*Work order*: From the material below, set down exactly the lines that run from the one containing "shoulder, or chest." to the one containing "這里的bit_i (第i列)", minus the pictures.

*The input*:
Start of Block
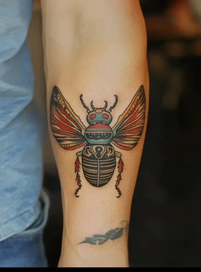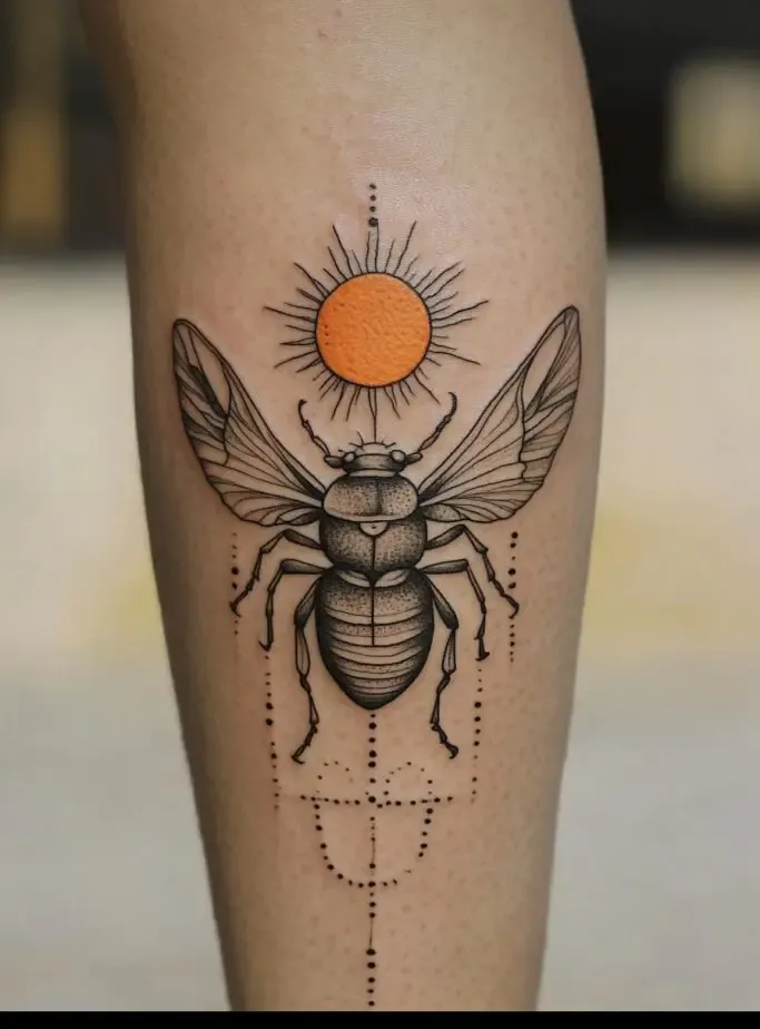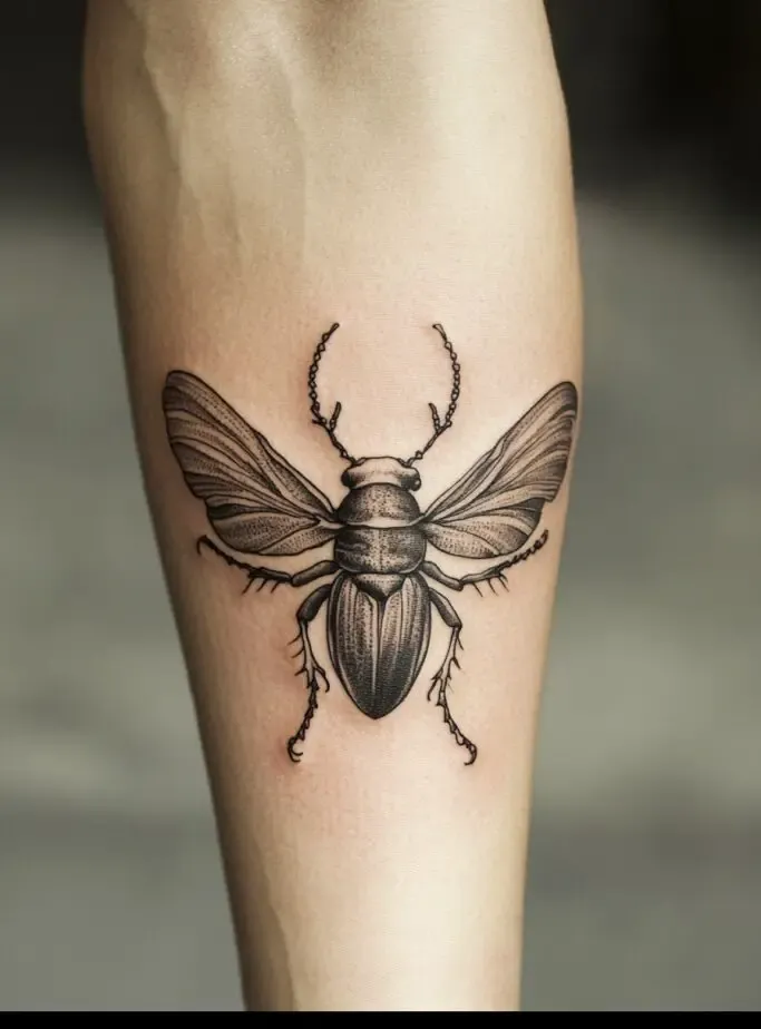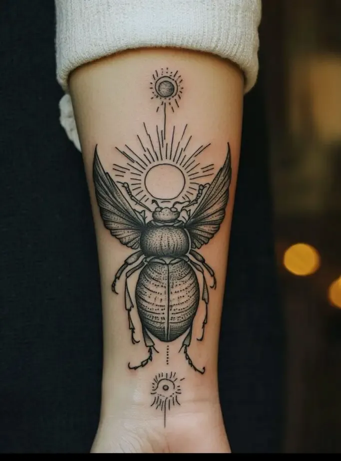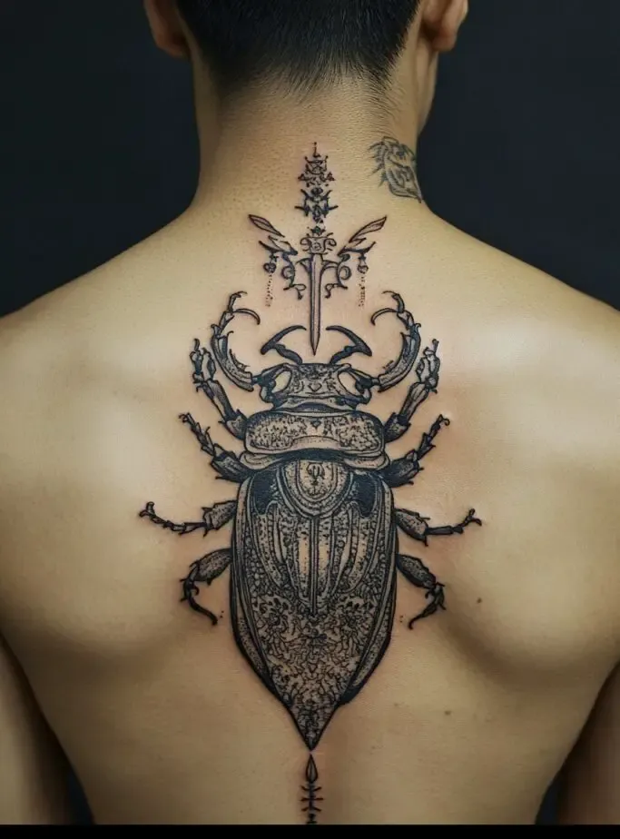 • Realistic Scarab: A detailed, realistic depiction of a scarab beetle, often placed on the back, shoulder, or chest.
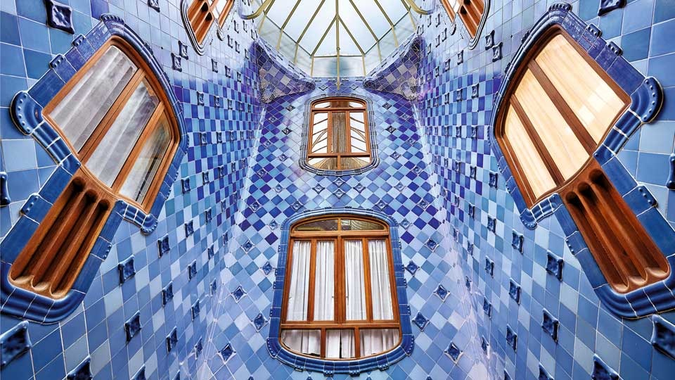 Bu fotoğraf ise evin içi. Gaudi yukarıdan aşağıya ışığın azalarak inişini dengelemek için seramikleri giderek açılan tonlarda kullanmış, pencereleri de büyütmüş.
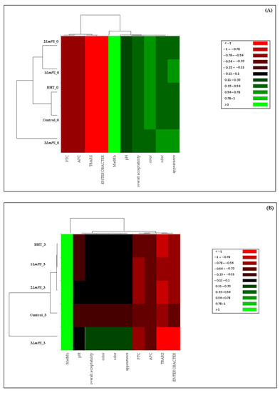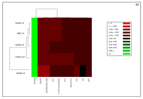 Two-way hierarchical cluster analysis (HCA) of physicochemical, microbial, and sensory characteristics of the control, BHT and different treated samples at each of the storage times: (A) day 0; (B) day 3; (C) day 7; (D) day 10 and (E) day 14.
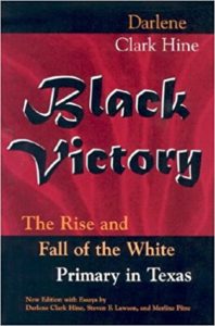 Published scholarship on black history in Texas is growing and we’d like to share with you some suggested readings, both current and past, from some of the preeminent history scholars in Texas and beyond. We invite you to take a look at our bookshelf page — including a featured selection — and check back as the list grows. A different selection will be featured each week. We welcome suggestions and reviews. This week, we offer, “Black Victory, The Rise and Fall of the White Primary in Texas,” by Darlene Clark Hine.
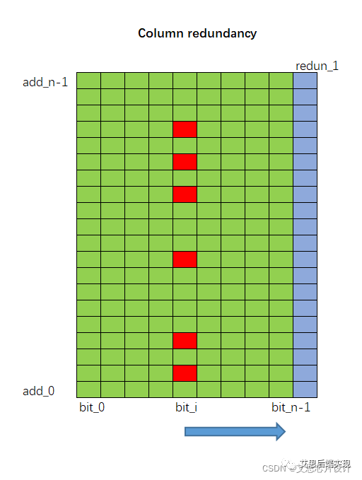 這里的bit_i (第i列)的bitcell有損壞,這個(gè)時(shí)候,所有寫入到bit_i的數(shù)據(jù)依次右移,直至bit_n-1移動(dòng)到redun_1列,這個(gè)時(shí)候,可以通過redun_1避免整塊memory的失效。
End of Block
Start of Block
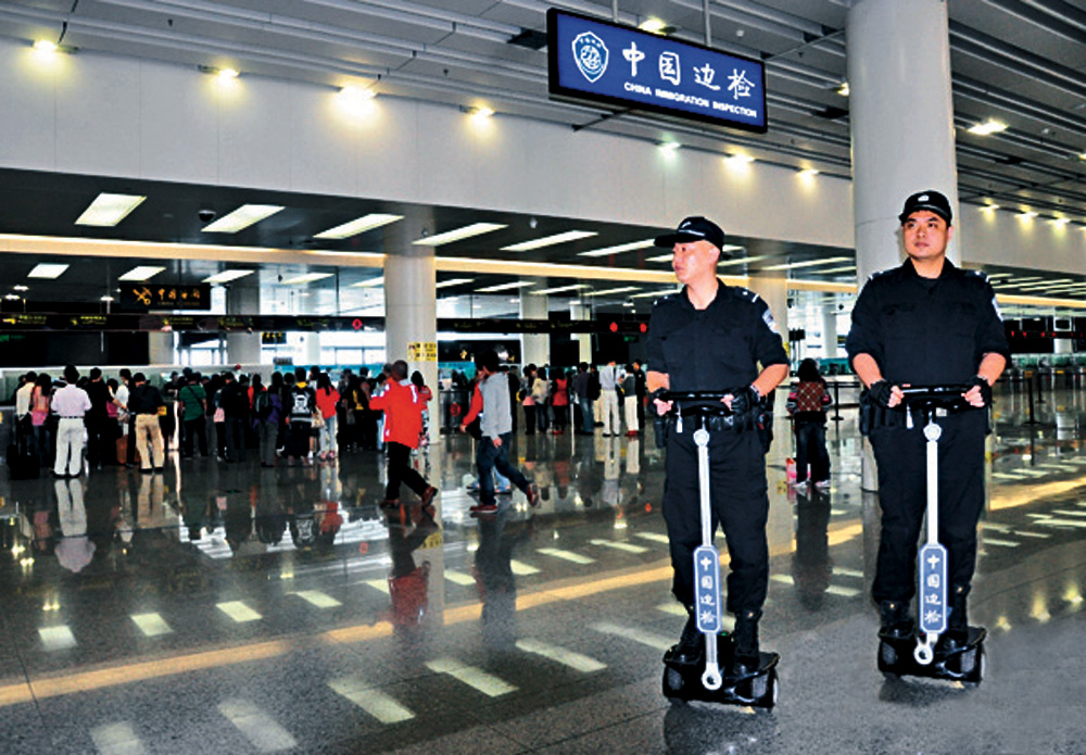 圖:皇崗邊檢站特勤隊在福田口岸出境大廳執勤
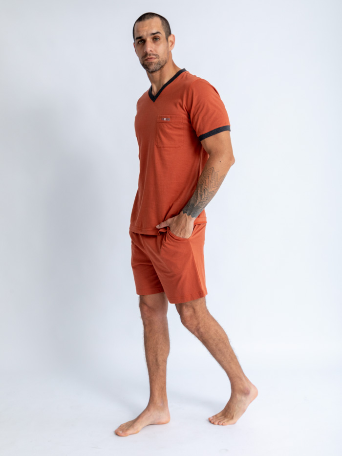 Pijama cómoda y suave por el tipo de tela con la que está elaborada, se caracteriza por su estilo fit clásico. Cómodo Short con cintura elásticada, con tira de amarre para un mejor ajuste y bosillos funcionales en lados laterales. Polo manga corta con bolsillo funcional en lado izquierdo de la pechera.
End of Block
*Your response*:
 • Realistic Scarab: A detailed, realistic depiction of a scarab beetle, often placed on the back, shoulder, or chest.
 Bu fotoğraf ise evin içi. Gaudi yukarıdan aşağıya ışığın azalarak inişini dengelemek için seramikleri giderek açılan tonlarda kullanmış, pencereleri de büyütmüş.
 Two-way hierarchical cluster analysis (HCA) of physicochemical, microbial, and sensory characteristics of the control, BHT and different treated samples at each of the storage times: (A) day 0; (B) day 3; (C) day 7; (D) day 10 and (E) day 14.
 Published scholarship on black history in Texas is growing and we’d like to share with you some suggested readings, both current and past, from some of the preeminent history scholars in Texas and beyond. We invite you to take a look at our bookshelf page — including a featured selection — and check back as the list grows. A different selection will be featured each week. We welcome suggestions and reviews. This week, we offer, “Black Victory, The Rise and Fall of the White Primary in Texas,” by Darlene Clark Hine.
 這里的bit_i (第i列)的bitcell有損壞,這個(gè)時(shí)候,所有寫入到bit_i的數(shù)據(jù)依次右移,直至bit_n-1移動(dòng)到redun_1列,這個(gè)時(shí)候,可以通過redun_1避免整塊memory的失效。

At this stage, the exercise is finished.